Consistently, soil analysis revealed that the concentration of nutrients (N, P, Ca, Mg, Zn
and Mn) and soil biological properties (organic carbon, particulate organic matter,
microbial biomass nitrogen and microbial biomass carbon) among the land-use practices
were in the order: fallow > grazing > bare. Differences in the concentration of soil
nutrients between the land-use practices seemed to be influenced by management within
the land-use practices. Nitrogen, phosphorus, potassium and zinc were significantly higher
(p<0.05) in land under grazing while calcium and magnesium, were significantly higher
(p<0.05) under fallow land. As expected, bare land had the lowest concentration of all the
nutrients studied. The presence of animals around Acacia erioloba trees contributed to
higher concentration of nutrients in land under grazing. The differences in the values of
biological properties were considered to be likely due to higher plant biomass on the
topsoil compared to the subsoil that increased the microbial activity. The improved
biological properties are thought to have improved the nutrient concentration through
processes such as mineralisation of nutrients from organic matter.

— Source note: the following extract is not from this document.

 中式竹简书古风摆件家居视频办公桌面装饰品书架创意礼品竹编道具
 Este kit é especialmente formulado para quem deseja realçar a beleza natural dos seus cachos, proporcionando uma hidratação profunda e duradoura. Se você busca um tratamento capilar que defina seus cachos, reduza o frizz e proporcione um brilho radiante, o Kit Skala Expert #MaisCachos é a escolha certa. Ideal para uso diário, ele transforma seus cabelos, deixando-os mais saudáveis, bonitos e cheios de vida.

With the exception of phosphorus (P), potassium (K) and zinc (Zn), concentration of all
other nutrients (N, Ca, Mg and Mn) was not significantly different (p<0.05) in soil from
beneath the tree canopy and those from beyond the tree canopies in all land-use practices.
Topsoil (0-1 0 cm) had, significantly higher (p<0.05) concentration of all nutrients and
biological properties that were measured compared to the sub soil (10-20 cm). This was
attributed to the fact that much of the decomposition of soil organic matter takes place on
the surface layer of the soil where most of the organic materials are added. Nutrient
uptake from deep soil layers by roots of the trees may be another important mechanism
that could enrich surface soils beneath Acacia erioloba tree with nutrients.

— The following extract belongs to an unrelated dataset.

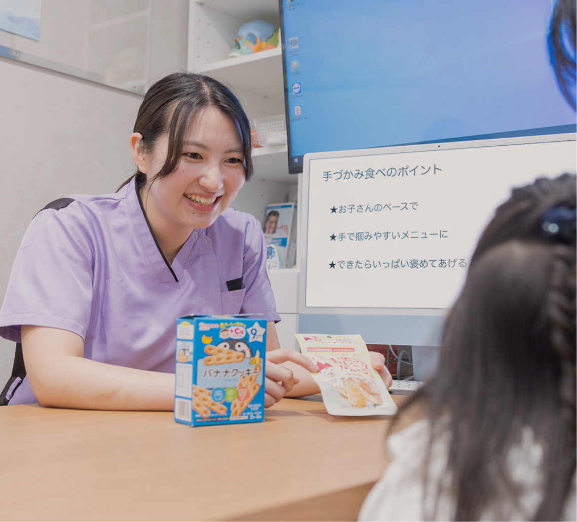 当院では、言語聴覚士の資格を活かして、小児の口腔機能やことば・摂食発達を支援できます。0歳からの口腔育成に携わり、赤ちゃん期から成長を見守る中で専門性を深められる環境です。

The availability to a wheat crop of the nutrients found beneath the canopies of Acacia
erioloba was evaluated using a "Neubauer" seedling technique in a glasshouse. Wheat
seedlings were grown into PVC pots filled with soils collected from beneath and beyond
the tree canopies. The wheat that was grown in soils collected beneath Acacia erioloba
trees had significantly higher (p<O.OS) growth ~d nutrient uptake than that grown in soils
from beyond tree canopies. Plant height, dry matter yields and nutrient uptake by the
wheat seedlings were in the order fallow>grazing>bare land. The plant height were 20.9,
16.4 and 14.2 cm for fallow, grazing and bare, respectively. This was attributed to the high
accumulation of organic matter from different sources such as leaf litter, grass residues and animal wastes under fallow and grazing land. Fallow and grazing promotes large organic matter inputs and therefore create conditions that favour rapid decomposition of organic matter and mineralisation of nutrients.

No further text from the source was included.